The present disclosure generally relates to the technical field of micro light-emitting diodes (micro LEDs), and more particularly, to a micro LED structure that constrains the electric current path.
The micro LED showed higher output performance than conventional LEDs due to better strain relaxation, improved light-extraction efficiency, and uniform current spreading. The micro LEDs also exhibited improved thermal effects, higher current density, faster response rate, larger working temperature range, higher resolution, wider color gamut, higher contrast, and lower power consumption, as compared with conventional LEDs.
A micro LED structure includes an array of pixels.
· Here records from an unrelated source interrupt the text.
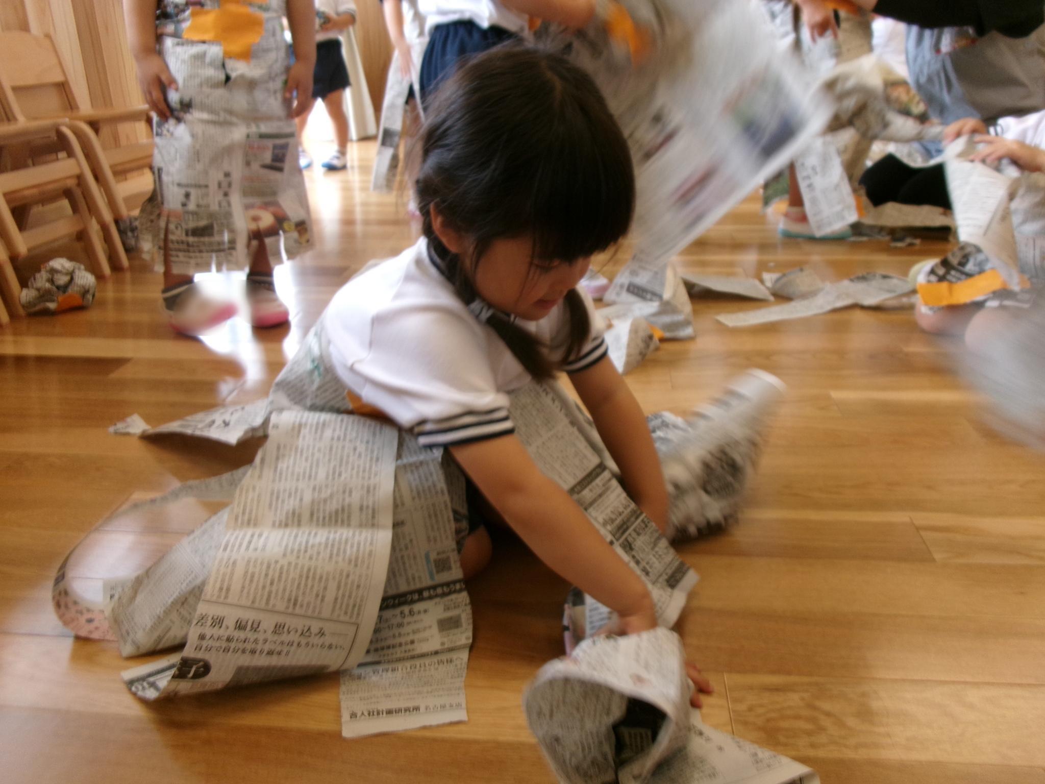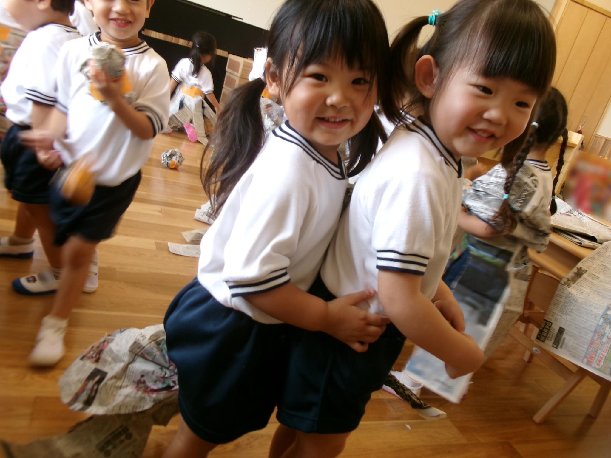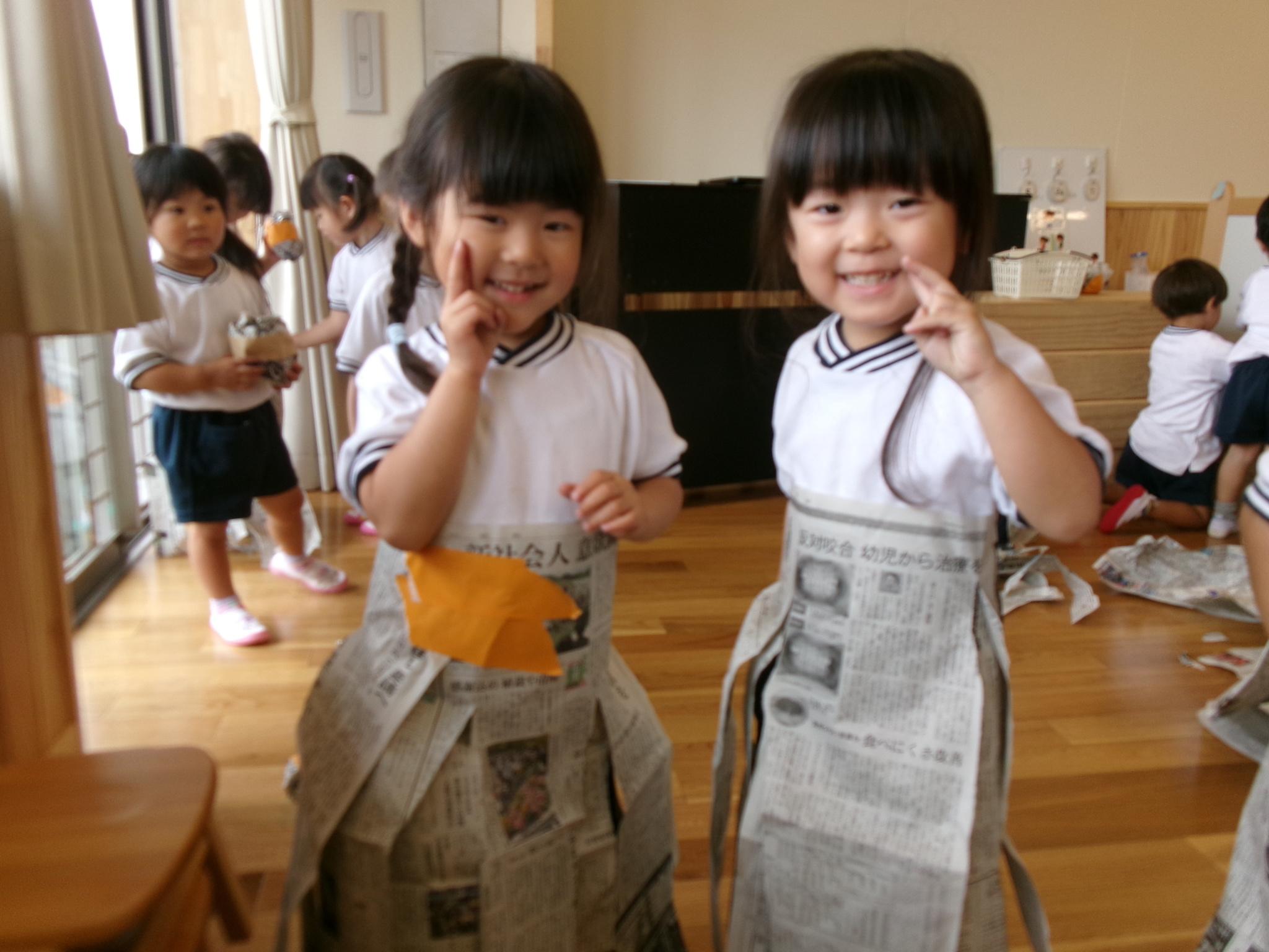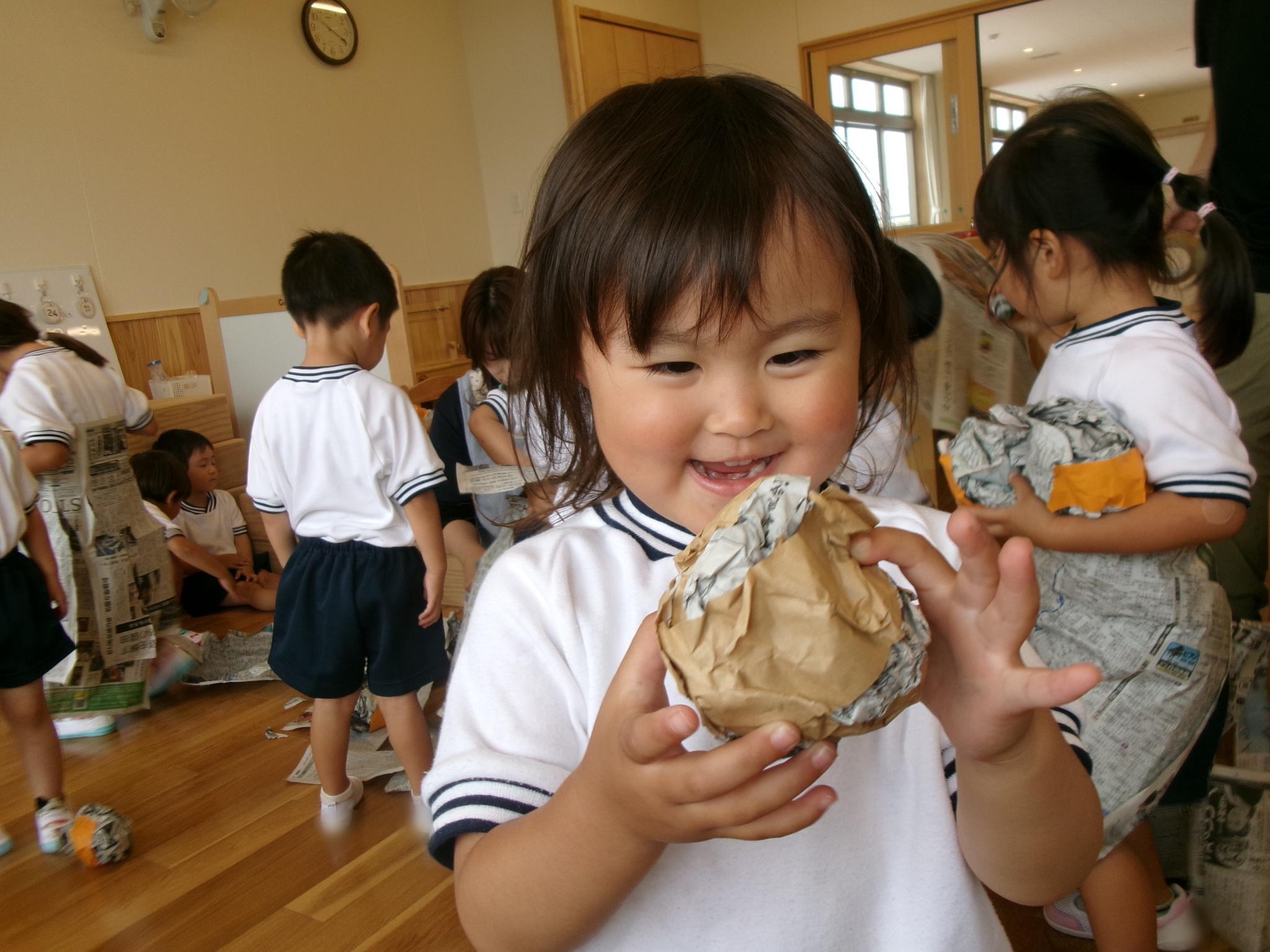 ちぎって・・・。丸めて・・・。ドレスやりんご、ほうきにボールといろいろな物を作って遊びました。「かわいいでしょ」とポーズを決めたり、キャッチボールをして大盛り上がりの子どもたちでした。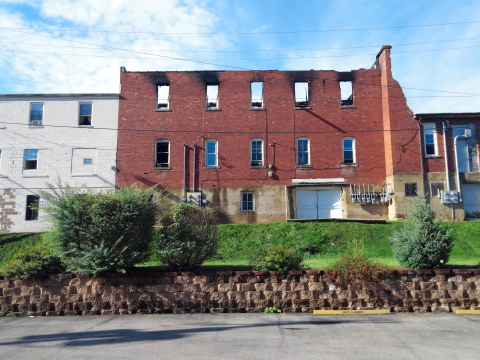 BACK VIEW - Shell of burned out downtown Spencer building owned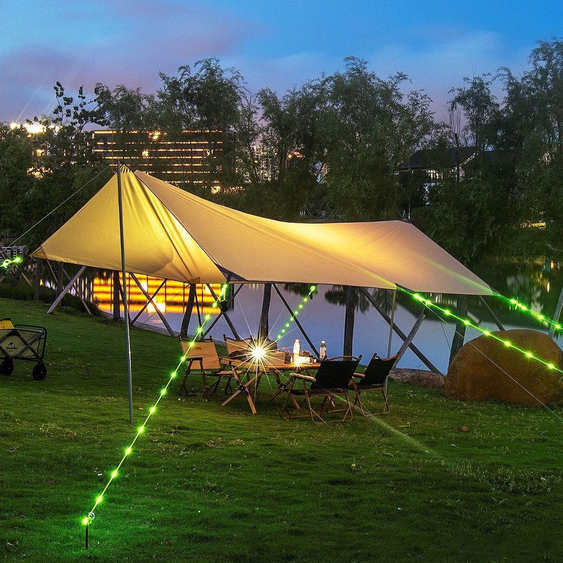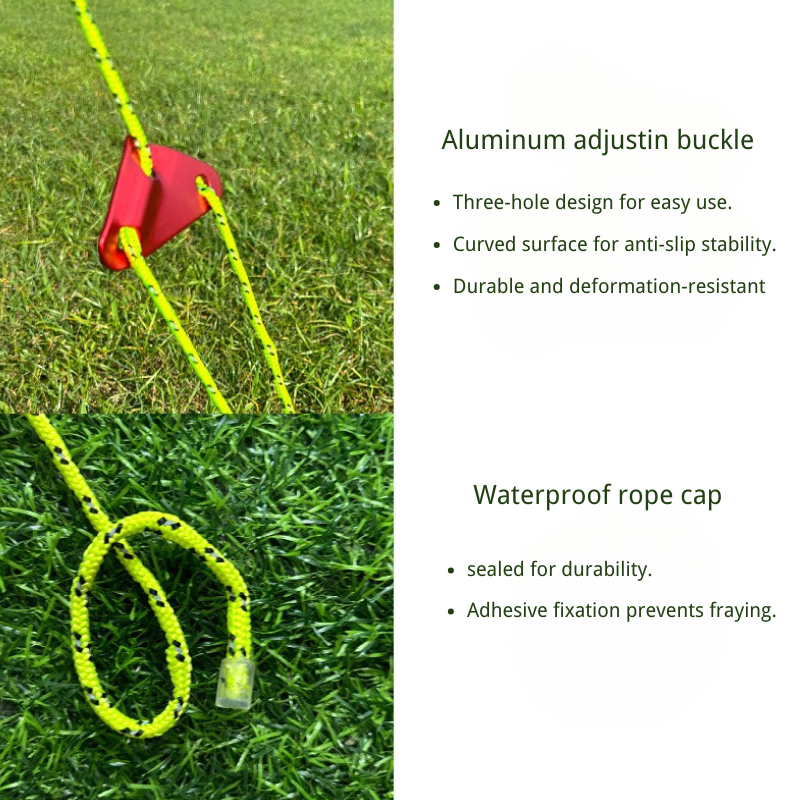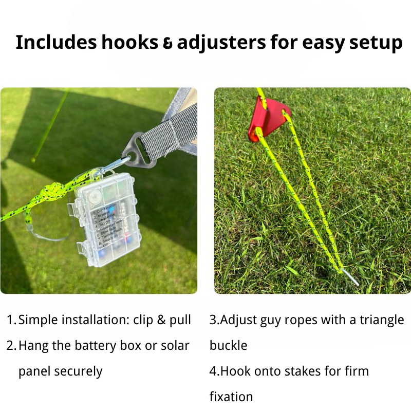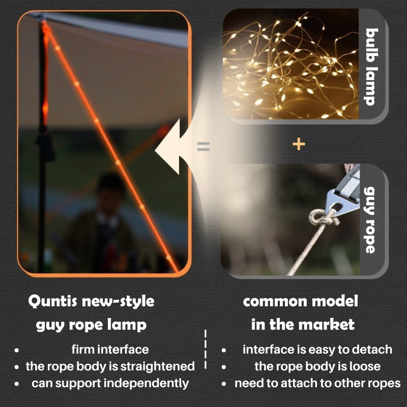 Quntis guy rope lights create a unique camping ambiance while providing strong support.

It typically includes micro lens, transparent conductive film layer (e.g., indium tin oxide or “ITO”), top contact layer, epitaxial wafer, insulating layer, reflective layer, bottom contact layer, dielectric layer, and integrated-chip (IC) chip layer, of which the epitaxial wafer further includes top epitaxial layer, light-emitting layer, and bottom epitaxial layer layers. Among them, the top contact layer is used to expand the current between adjacent pixels, and the bottom contact layer is bonded with the IC back plane.
However, in a conventional micro LED structure, the structure of the top contact layer results in a poor electric current path within the array of pixels. Therefore, it is desirable to improve the structure of the top contact layer.
In view of the technical problem associated with the electric current path in existing micro LED structures, the present disclosure proposes a specially shaped electrode metal layer, which can constrain an electric current path and improve a micro LED structures' performance.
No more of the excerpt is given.